На поддень — к Оке, к Серпухову и Туле, — выступали полки князя Александра Владимировича Ростовского. На закат — к Вязьме и Дорогобужу — строилась несметная сила старого ратоборца Даниила Васильевича Щени.

С восходом солнца двинулись полки в поход. Одни шли, чтобы поставить заслон против крымских татар, другие — подыскать под польским королевишком Сигизмундишкой кровную государеву вотчину град Смоленск, в стародавние времена взятый у государевых предков неправдою.
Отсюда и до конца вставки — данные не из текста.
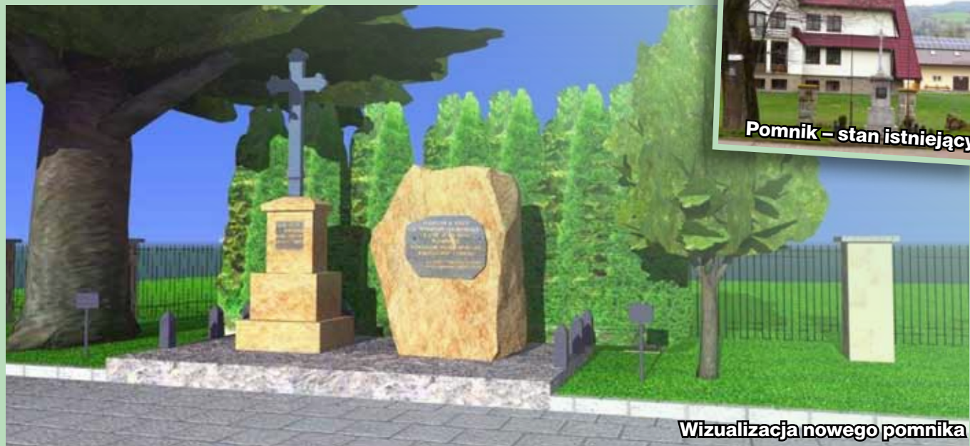
Wizualizacja nowego pomnika

W związku z obchodami w 2018 roku 100-letniej rocznicy odzyskania przez Polskę niepodległości podjęto inicjatywę budowy pomnika (obelisku) upamiętniającego to wydarzenie.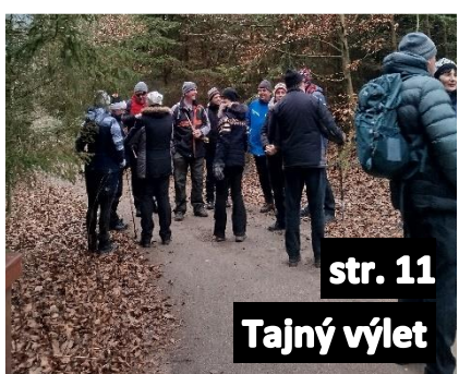
str. 11 Tajný výlet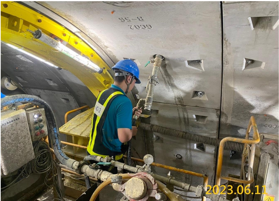
G03 站潛盾隧道掘進作業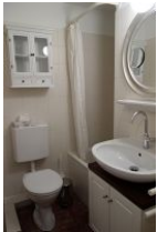
Das Bad im Obergeschoß. Eine Seltenheit: die Sitzbadewanne mit Möglichkeit zum Duschen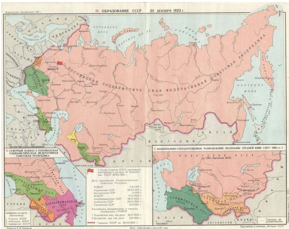
Carte de l'URSS en 1922, composée à l'époque de la République socialiste fédérative soviétique de Russie, de la République socialiste soviétique d'Ukraine, de la République socialiste fédérative soviétique de Transcaucasie et de la République socialiste soviétique de Biélorussie. Cliquez pour agrandir.

Camarades, cette journée marque un tournant dans l'histoire du pouvoir des Soviets. Elle pose des jalons entre l'ancienne période, dépassée désormais, où les républiques soviétiques, bien qu'agissant de concert, marchaient séparément, préoccupées avant tout du problème de leur existence, et de la période nouvelle, déjà commencée, où un terme est mis à l'existence isolée des Républiques soviétiques, où celles-ci s'unissent en un seul État fédératif pour combattre efficacement le délabrement économique, où le pouvoir des Soviets songe non seulement à se maintenir en vie, mais aussi à devenir une force internationale sérieuse, capable d'exercer une influence sur la situation internationale, capable de la modifier dans l'intérêt des travailleurs.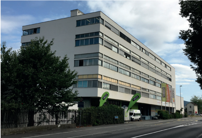
Ansicht Reinacherstrasse Nord

Die interessanten Räumlichkeiten sind ideal für Einzelunternehmer, Kleinunternehmer und Start-ups.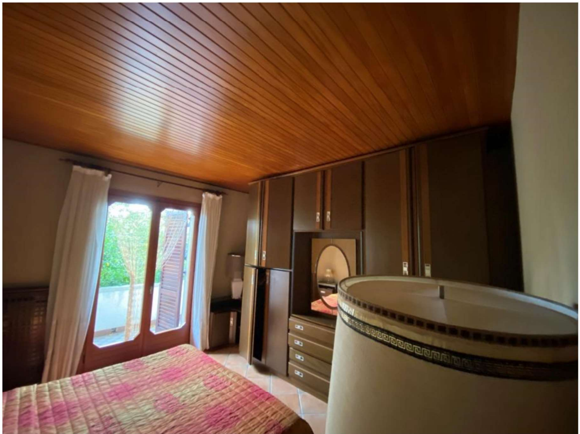
FOTO 5 CAMERA DA LETTO CON USCITA SUL RETRO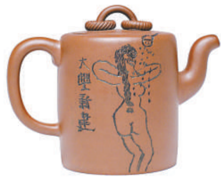
美人壺 一壺道人製作的「雙環

仔細觀察，「如意壺」的壺鈕宛如一條潛藏在壺內的游龍不小心露出了身體的一部分，而「吉祥壺」的壺鈕則似一鸞鳳尾，翹然立於壺蓋之上。既是「吉祥如意」，也是「龍鳳呈祥」，整體看來「龍」中呈「鳳」、「鳳」中藏「龍」——「如意壺」剛正的黑料中不乏柔美，「吉祥壺」圓潤的弧度間也不失英氣，你中有我，我中有你，呈現一派和諧、美滿、甜蜜的氣氛，寓意堅貞、相守，蘊含人間愛情，更寄託一份夙願。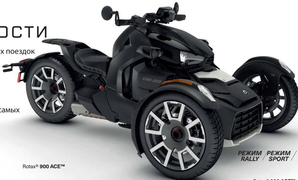
Rotax® 900 ACE™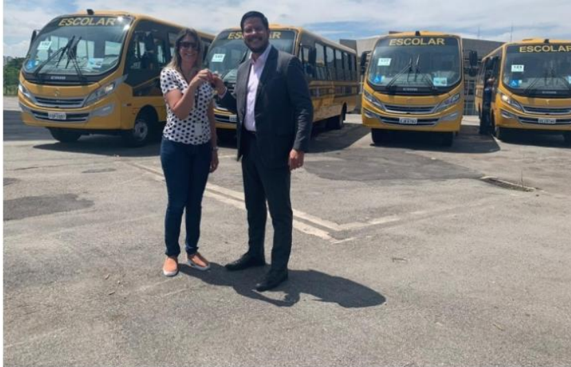
Segundo prefeito, os ônibus servirão para atender principalmente os estudantes da Região Sul | Foto: Divulgação/PMC

O prefeito de Caraguatatuba, Aguilar Junior, recebeu nesta quinta-feira (10/10), as chaves de quatro novos ônibus que serão integrados à frota do transporte escolar da cidade. A entrega oficial ocorreu em São Paulo e contou com a presença da equipe do Setor de Transportes da Secretaria de Educação.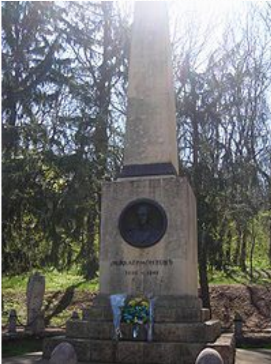
Памятник на месте дуэли М. Ю. Лермонтова

Зимой 1841 года, оказавшись в отпуске в Петербурге, Лермонтов пытался выйти в отставку, мечтая полностью посвятить себя литературе, но не решился сделать это, так как бабушка была против, она надеялась, что её внук сможет сделать себе карьеру и не разделяла его увлечение литературой. Поэтому весной 1841 года он был вынужден возвратиться в свой полк на Кавказ.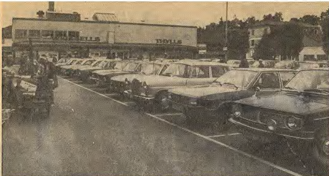
En hel rad med felparkerare. Fast troligen är det ingen som vet om det för skylten står på en sådan plats att man knappt lägger märke till den. Polisen ser mellan fingrarna och trafiknämnden ska se över saken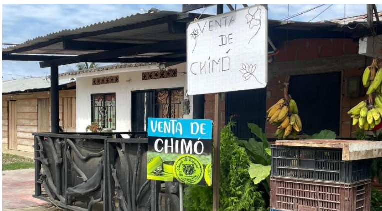
Figura 1 Punto de venta de chimó, producto venezolano

de alimentación, dinámicas laborales, dinámicas de habitacionalidad y dinámicas de relacionamiento, esto se evidencia por la presencia de nuevos elementos alimenticios como la Chicha Venezolana, el Chimó o Chimú (extracto de tabaco energizante con origen en indígenas venezolanos) y frituras de origen venezolano, de igual modo los migrantes son reconocidos por locales por su participación en nuevas dinámicas laborales y económicas desde las ventas informales de alimentos y otros productos de uso cotidiano, y a su vez para los locales la población migrante de origen venezolano es caracterizada por la vulnerabilidad económica en comparación a otras nacionalidades, dado que el 98 % de las personas dedicadas a pedir colaboraciones económicas por fuera de supermercados y otros sectores del municipio son de origen venezolano. Esto demuestra que a pesar de la inseguridad y los problemas de relacionamiento entre necocliseños y población migrante de origen venezolano, los locales perciben las necesidades y vulnerabilidades por la cual pasa esta población.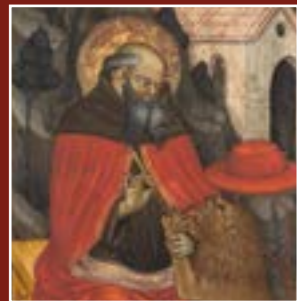
Ottaviano Nelli, Saint Jérôme guérissant le lion, musée du Petit Palais – Louvre Avignon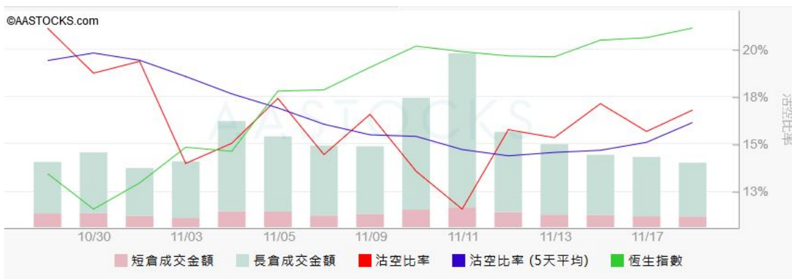
圖3. aastock: 恒指沽空比率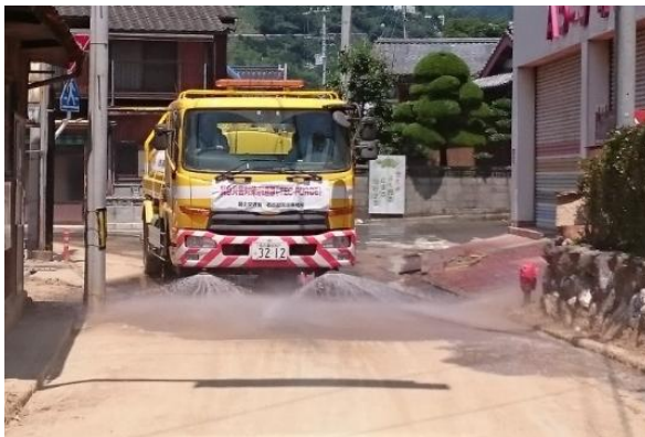
散水車による路面清掃作業

На следующий день снова по городу звонили колокола и снова кричали трубы. Вслед за Ростовским и Щеней на те же дороги выходили новые полки, и, как и вчера ушедшим, не было им числа. Все так же неспешно шагали пешие ратники, удобно качались в седлах конники, подпрыгивали в телегах обозники, и, завершая великое движение, шла несметной тучей серая лапотная посоха — мужицкая рать — плотники, землерои, трудники.

А впереди — вместе со всеми и в то же время особо — плыли в седлах серебряного чекана новые военачальники: на юг — к Оке — брат великого князя Дмитрий Иванович, к реке Угре — боярин Воронцов. И все же казалось, что главные русские силы еще ждут своего часа…

О том что полки Даниила Щени вышли из Москвы и двинулись на запад, в Смоленске узнали на третий день… Еще через день об этом знали в Минске, к концу недели в Кракове. Тотчас же во все гарнизоны, расквартированные восточнее Минска, двинулись польские и литовские отряды.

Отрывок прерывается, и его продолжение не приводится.